4) Spend a lot of time preparing both customers and your own organization
Don’t underestimate the entire preparation process. There are a lot of stakeholders involved in a digital migration, from your own pricing and sales teams to your customers. You’re trying to influence their behavior so that you can reach the desired outcomes. Have a detailed migration plan for the difficult accounts and test reactions in simulation exercises. Make sure everyone knows how to handle customers that get huge price decreases or increases. Is it a one-time switch? Who visits them? Who tells the story? How? Often what works is incremental change.
There might be internal resistance when it comes to the impact on commissions and incentives as you move across channels, and this should be included in your strategic planning. If you are concerned about the challenge of convincing sales of a new structure, start with a pilot market to test the response. You may discover actually that salespeople love it when customers purchase digitally. It will free them up from having to spend their time responding to simple quote requests, and they can instead focus on higher value sales, which brings me to point five.
5) Focus sales efforts where it counts
In our study, we also asked companies how they expected the role of the sales force to change, and how relationships in sales would evolve. While we did not identify any patterns by industry, there were significant differences between customer types. For large customers, the importance of the relationship was expected to increase dramatically. For small customers, it was expected to decrease. That clears up one lingering fear: digital will not replace the sales force, but rather help them to make the right decisions for large accounts.
While processes can be automated for smaller, less important accounts, there are pockets where automation doesn’t really help much yet.
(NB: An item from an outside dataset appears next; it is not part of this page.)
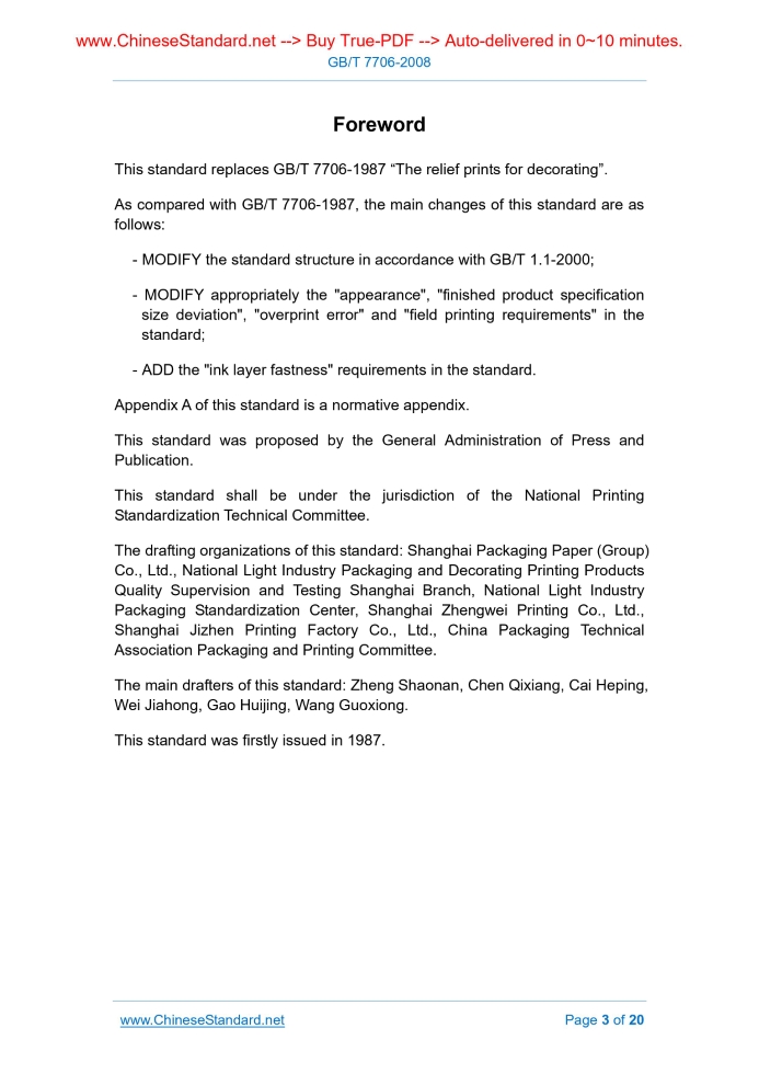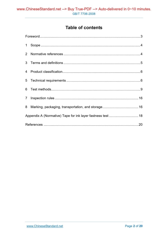 Similar standardsGB/T 7706-2008: The relief prints for decorating---This is an excerpt. Full copy of true-PDF in English version (including equations, symbols, images, flow-chart, tables, and figures etc.), auto-downloaded/delivered in 9 seconds, can be purchased online: https://www.ChineseStandard.net/PDF.aspx/GBT7706-2008GB NATIONAL STANDARD ICS 37.100.01 A 17 Replacing GB/T 7706-1987 The relief prints for decorating Issued on. JULY 2, 2008 Implemented on. DECEMBER 01, 2008 Issued by. General Administration of Quality Supervision, Inspection and Quarantine of the People's Republic of China; Standardization Administration of the PRC. Table of ContentsForeword... 3 1 Scope... 4 2 Normative references... 4 3 Terms and definitions... 5 4 Product classification... 6 5 Technical requirements... 6 6 Test methods... 9 7 Inspection rules... 16 8 Marking, packaging, transportation, and storage... 16 Appendix A (Normative) Tape for ink layer fastness test... 18 References... 20ForewordThis standard replaces GB/T 7706-1987 “The relief prints for decorating”. As compared with GB/T 7706-1987, the main changes of this standard are as follows. - MODIFY the standard structure in accordance with GB/T 1.1-2000; - MODIFY appropriately the "appearance", "finished product specification size deviation", "overprint error" and "field printing requirements" in the standard; - ADD the "ink layer fastness" requirements in the standard. Appendix A of this standard is a normative appendix. This standard was proposed by the General Administration of Press and Publication. This standard shall be under the jurisdiction of the National Printing Standardization Technical Committee. The drafting organizations of this standard. Shanghai Packaging Paper (Group) Co., Ltd., National Light Industry Packaging and Decorating Printing Products Quality Supervision and Testing Shanghai Branch, National Light Industry Packaging Standardization Center, Shanghai Zhengwei Printing Co., Ltd., Shanghai Jizhen Printing Factory Co., Ltd., China Packaging Technical Association Packaging and Printing Committee. The main drafters of this standard. Zheng Shaonan, Chen Qixiang, Cai Heping, Wei Jiahong, Gao Huijing, Wang Guoxiong. This standard was firstly issued in 1987. The relief prints for decorating1 ScopeThis standard specifies the classification, requirements, inspection methods, inspection rules, marking, packaging, transportation, storage, and so on, of the relief prints for decorating. This standard applies to the paper and plastic film decoration printed products as produced through relief prints (except for flexo printing) technology.2 Normative referencesThe provisions in following documents become the provisions of this Standard through reference in this Standard. For the dated references, the subsequent amendments (excluding corrections) or revisions do not apply to this Standard; however, parties who reach an agreement based on this Standard are encouraged to study if the latest versions of these documents are applicable. For undated references, the latest edition of the referenced document applies. GB/T 2792-1998 Test method for peel strength of pressure-sensitive tape at 180° angle (eqv JISZ 0237.1991) GB/T 2828.1 Sampling procedures for inspection by attributes - Part 1. Sampling scheme indexed by acceptance quality limit (AQL) for lot-by-lot inspection (GB/T 2828.1-2003, ISO 2859-1.1999, IDT) GB/T 17934.1-1999 Graphic technology - Process control for manufacture of half-tone color separations, proof production prints - Part 1.Parameters and measurement methods (eqv ISO 12647-1.1996) GB/T 18722 Graphic technology - Application of reflection densitometry and colorimetry to process control in graphic arts (GB/T 18722-2002, eqv ISO13656.2000)3 Terms and definitionsThe following terms and definitions apply to this standard. 3.1 Relief printing It refers to the method using the printing plate in which the graphic part is higher than the non-graphic part. It is divided into direct relief printing and indirect relief printing. [GB/T 9851.1-2008, 5.7] 3.2 Hot foil-stamping It refers to the process of using the hot die to transfer the hot stamping materials to the stamped product on such items as paper, cardboard, paper products, coating and so on. [GB/T 9851.7-2008, 4.6] 3.3 Film laminating It refers to the process of laminating a plastic film on the surface of a printed product. [GB/T 9851.7-2008, 4.5] 3.4 Coating It refers to the process of coating transparent and bright materials over a printed product. [GB/T 9851.7-2008, 4.4]4 Product classification4.1 Fine products It refers to the high-grade printed decorating which uses high quality printing main and auxiliary materials through fine plate-making technology AND reaches to each quality indicator of the fine product. 4.2 Ordinary products5 Technical requirements5.1 Dimension deviation of finished product specification 5.2 Overprint error shall comply with the provisions of Table 4. Table 4 Overprint error in millimeters Overprint section Allowable deviation of overprint Fine product Ordinary product 5.3 Field printing requirements shall be in accordance with Table 5. 5.4 Printing surface appearance 5.4.1 Fine product 5.4.1.1 The finished product shall be clean and free of scratches, stains and defects. 5.4.1.2 Text printing shall be clear and complete, and free from incompleteness or distortion, AND the letter less than 5.5P (No. 7) shall not affect the word reading. 5.4.2 Ordinary products 5.4.2.1 The finished product shall be clean AND free from obvious scratches, stains, or incompleteness. 5.4.2.2 The text printing shall be clear and complete AND free from obvious incompleteness or deformation; AND the letter less than 5.5 P (Number 7) shall not affect word reading. 5.4.2.4 The printing prime section shall be free from streaks or ghosting. 5.4.2.5 The prime section of each finished product shall not have stain spot of diameter > 0.4 mm OR more than 3 stains of diameter

For example, extremely customized products have long lead times and require lengthy interactions and common sense from human beings. New technologies like Artificial Intelligence and Machine Learning can help to analyze data and find patterns, but large accounts expect more customized and personal treatment.
Rather, digital technologies free up the salesperson from repetitive activities so that they can offer higher value, spend more time educating customers, and focus on new product lines and complex products. It’s about moving from order taking to actually explaining the differential value of a product or service. In our survey, we also asked for the top skills that salespeople will have to develop in the next five years. The number one skill by far will be value communication. So in fact digitalization can enable the salesperson as well as the pricing professional to get more satisfaction out of their work through more strategic efforts and greater value delivery.
Digitalization, threat or opportunity? You decide
There’s a lot of opportunity in digitalization, with very interesting working models that don’t have to hurt your top and bottom lines. However, if you don’t embrace digitalization, it will likely cost you your livelihood: innovate or die. If you don’t innovate and improve as a company, your competitors will and the market will evolve. The purchasing patterns of your buyers will change. If you keep your business model constant, in the next 10 to 15 years, you might just disappear from the market.